Since PRBC transfusion may be the primary endpoint of this study (unfortunately not specified in the method section), the transfusion trigger and target for PRBC transfusion is very important. Secondary endpoints are mortality. complication rate, patient outcome and length of ICU stay.

According to the combined results of two National Institute of Health-supported trials in 2008, the goal HCT of 30 or 35% could be achieved during CPB without transfusion. These authors also concluded that an HCT >24% during CPB has better psychomotor development at 1 year of age.^[26]

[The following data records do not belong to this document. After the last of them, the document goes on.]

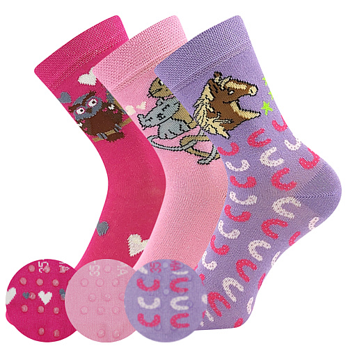 Dětské slabé ponožky Boma® FILIP 05 ABS jsou plné krásných barevných a veselých obrázků. Potěšte vaše děti hravými ponožkami s motivy pro slečny i mladé pány, vybere si každý. Ponožky jsou klasické výšky a mají měkký pružný lem a díky protiskluzovému ABS na chodidle jsou bezpečné. Vhodné nejen na doma na celodenní nošení. Veselé ponožky prodáváme v mixu.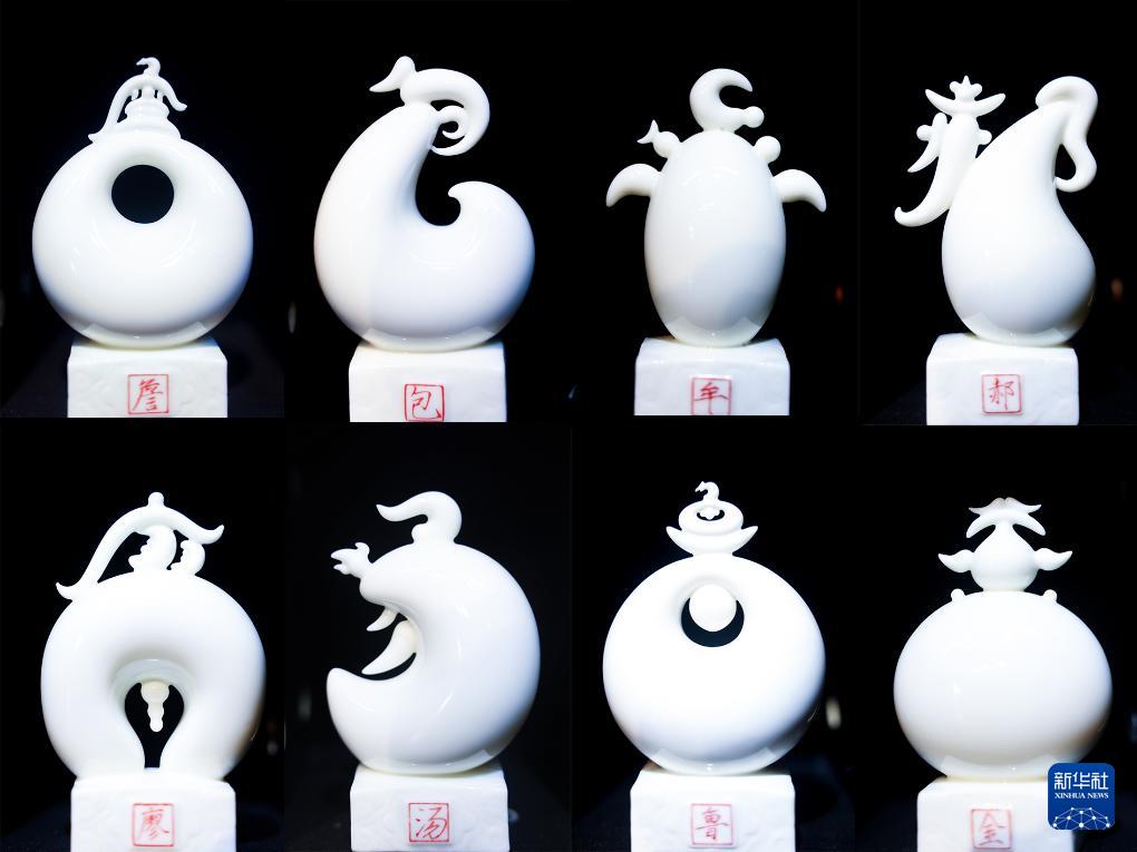 如今(jin)的(de)(de)(de)德化(hua)陶(tao)(tao)(tao)瓷產(chan)業正蓬勃(bo)發(fa)展(zhan),眾(zhong)多陶(tao)(tao)(tao)瓷從業者薪火相(xiang)傳(chuan),在傳(chuan)承的(de)(de)(de)同(tong)時不斷探尋德化(hua)陶(tao)(tao)(tao)瓷的(de)(de)(de)創新與發(fa)展(zhan)。彭成雄就是(shi)其(qi)中之一(yi),他將(jiang)中國漢(han)(han)字(zi)與傳(chuan)統陶(tao)(tao)(tao)瓷工(gong)藝巧妙結合,通過(guo)瓷雕(diao)將(jiang)漢(han)(han)字(zi)的(de)(de)(de)二(er)維線條、結構以立體的(de)(de)(de)形態(tai)表現(xian)出(chu)來,呈現(xian)出(chu)近似象形文(wen)字(zi)的(de)(de)(de)趣味感。彭成雄是(shi)這樣(yang)介紹自己(ji)的(de)(de)(de)藝術理念:“古代甲骨(gu)文(wen)是(shi)造像‘物’的(de)(de)(de)‘字(zi)’,而我是(shi)創作一(yi)個像‘字(zi)’的(de)(de)(de)‘物’。”他還將(jiang)標點符號(hao)融入(ru)自己(ji)的(de)(de)(de)藝術作品中,其(qi)《十二(er)生肖》《百家姓(xing)》系列作品,深受人們的(de)(de)(de)歡迎。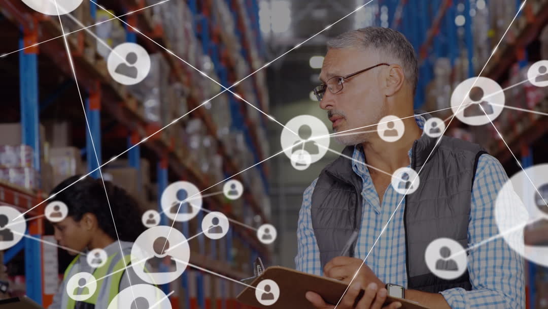 This visual depicts the integration of digital technology in a warehouse setting, highlighting connections between staff as symbolized by overlay networks and person icons. The Caucasian man recording data on a clipboard brings focus to the merging of traditional manual tasks with modern connectivity solutions. Suitable for illustrating concepts of modern logistics, supply chain innovations, and digital transformation in business environments.
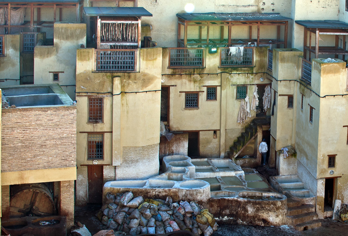 ブー・ジュルード門を通ってフェズ旧市街に足を踏み入れる。モロッコ中北部のなだらかな起伏の丘に、9世紀初頭に開かれたイスラム王朝の古い都フェス。フェス・エル・バリと呼ばれる旧市街(メディナ)には建物がひしめき、人がすれ違うのがやっとの狭い路地が無秩序に延びています。常に外敵の侵略にさらされてきた地中海沿岸地域では、周囲に堅固な城壁を巡らせ、内部を複雑な構造にした都市が発達しました。中でもフェス旧市街は巨大迷路で、「世界一の迷宮都市」と形容されるほどです。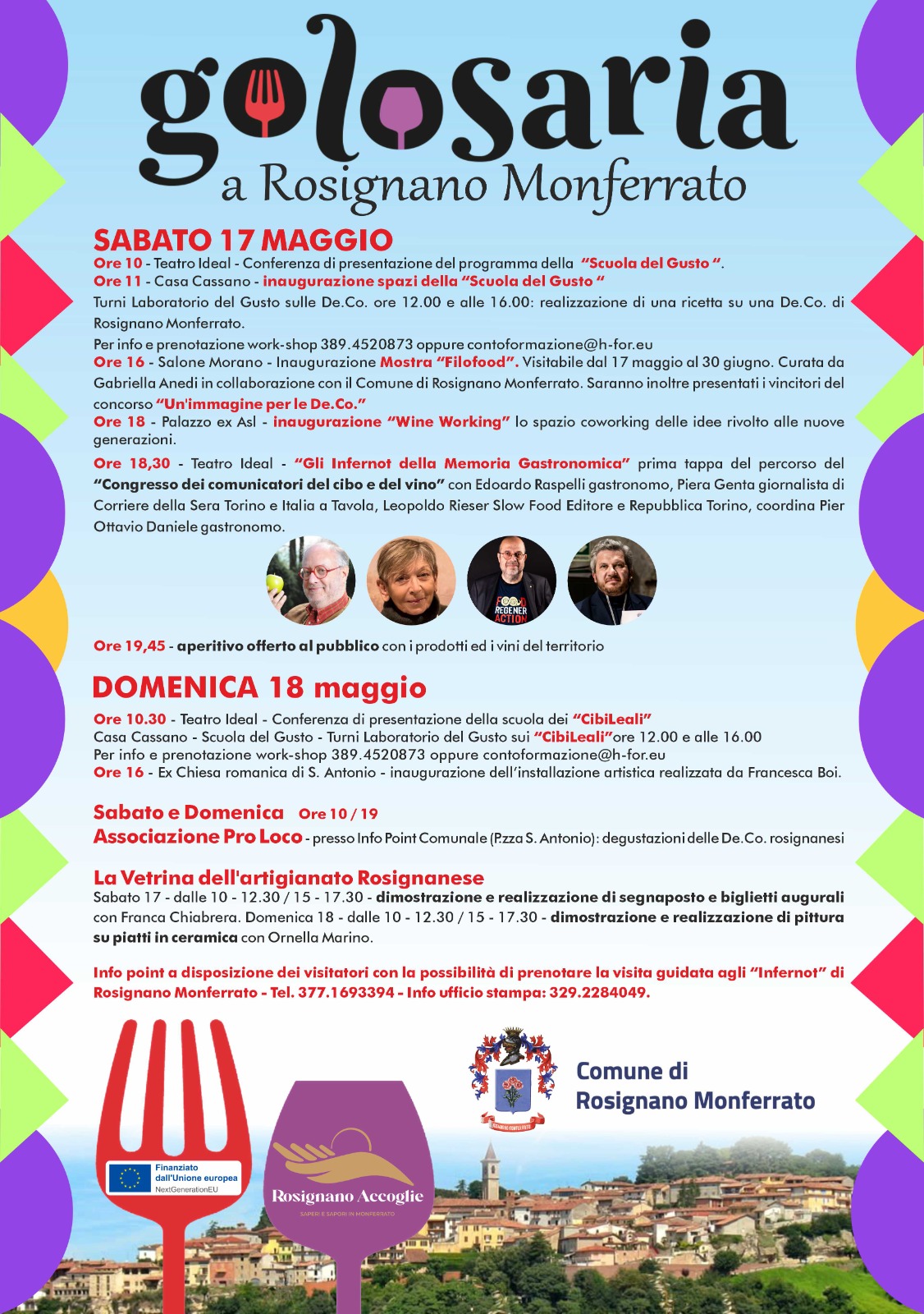 Il borgo di Rosignano Monferrato aderisce anche quest'anno alla manifestazione Golosaria Monferrato, che nel fine settimana di sabato 17 e domenica 18 maggio anima l'intero territorio. Il tema di questa edizione, la diciannovesima, è “I Colori del Monferrato”, fra arte, gusto e paesaggio: un omaggio alle infinite sfumature che rendono uniche queste colline.

Red blood cells (RBC) transfusion improves oxygen delivery, so the main rationale for RBC transfusion in pediatric cardiac surgery patients is to treat anemia.

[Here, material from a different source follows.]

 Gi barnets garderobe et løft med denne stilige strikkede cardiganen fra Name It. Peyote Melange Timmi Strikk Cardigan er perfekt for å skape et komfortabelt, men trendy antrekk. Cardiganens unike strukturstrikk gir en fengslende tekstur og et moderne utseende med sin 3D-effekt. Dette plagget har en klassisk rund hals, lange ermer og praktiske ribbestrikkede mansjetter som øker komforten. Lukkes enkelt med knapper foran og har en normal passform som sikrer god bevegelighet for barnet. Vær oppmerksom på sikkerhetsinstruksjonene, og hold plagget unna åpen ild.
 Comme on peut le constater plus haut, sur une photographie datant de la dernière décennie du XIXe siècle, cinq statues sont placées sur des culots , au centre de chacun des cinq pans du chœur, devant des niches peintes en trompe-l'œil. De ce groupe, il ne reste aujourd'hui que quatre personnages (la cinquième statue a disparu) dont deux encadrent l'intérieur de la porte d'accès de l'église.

Multidisciplinary approach including use of low-prime volume circuits with or without vacuum-assisted venous drainage, ultra-filtration (pre-bypass, conventional, and modified), and “cell-saver” for all pediatric patients.^[28-30]

Restrictive transfusion strategy has a similar outcome in comparison to a liberal transfusion strategy for adult cardiac patients in terms of all-cause mortality, myocardial infarction, stroke, or new-onset renal failure with dialysis on 28 days to 6 months after surgery.^[31]

Common causes of mortality in patients of post-CCHD surgery are – age at the time of operation, complexity of surgery, massive transfusion, and prolonged bypass time.^[14,15] It is now well-accepted that perioperative blood transfusion is a modifiable risk factor causing mortality and morbidity in children undergoing congenital cardiac surgery^[15,16]

ROTEM-guided patient blood management (PBM) has been shown to be effective in reducing bleeding, transfusion requirements, complication rates, and healthcare costs.^[32]

Recent PBM strategy published by European Association for Cardio Thoracic Surgery (EACTS) and European Association of Cardiothoracic anesthesia (EACTA) provides practical recommendations for adult cardiac surgeries^[33] but specific guidelines for pediatric cardiac surgery are still lacking. Use of POC tests will help in transfusing right blood components to reduce post-operative bleeding in cyanotic children also^[34] which in turn restricts the exposure to blood and blood components and was associated with reduced ICU and hospital stay in pediatric congenital cyanotic surgical patients.^[35-44]

In our study also, in spite of relatively higher CPB and cross-clamp time in group A patients, we found statistically significant lower drain output, a reduced incidence of postoperative complications and a shorter duration of the ICU stay [Tables 1,3,8,9]. The reduction of in-hospital mortality from 14.29 to 6.25% (RR = 0.4375; P = 0.1138) did not reach statistical significance; however, the study was not powered for a difference in mortality. All the blood component transfusion requirements were significantly lower in group A (where we followed POC algorithm), too, except for cryoprecipitate [Table 2].

In summary, despite a longer CPB time in group A – which is a known good predictor for bleeding, transfusion and bad outcome – we found a significant lower total drain output, transfusion requirements, post op complication rate, and ICU length of stay in the POC-guided group A [Tables 3,4,8, and 9]. However, the reduction in mortality did not reach statistical significance (Risk ratio [95% Confidence Interval]; = 0.4375 [0.1571 to 1.2187]; p = 0.1138) but the study was not powered for a difference in mortality. Furthermore, all blood components transfusion requirements were significantly lower in group A (POC-guided group), except for cryoprecipitate which did not change significantly [Table 4].

Despite satisfactory results, our study has some limitations such as being a single center, single surgeon study with limited patient number. This algorithm may not be cost effective in a developing country like ours. Relatively high infection rate and sepsis being the major cause of complication and mortality, coagulation profile may also be deranged in such cases. There was no long-term follow-up data taken into consideration in this study.

CONCLUSION

Our ROTEM^® based POC algorithm is a good guide for rational and restricted blood components utilization and may helps to avoid transfusion related complications too. Risk awareness and our easily interpretable algorithm will be helpful in the intra and post-operative care of pediatric cyanotic congenital cardiac surgical patients.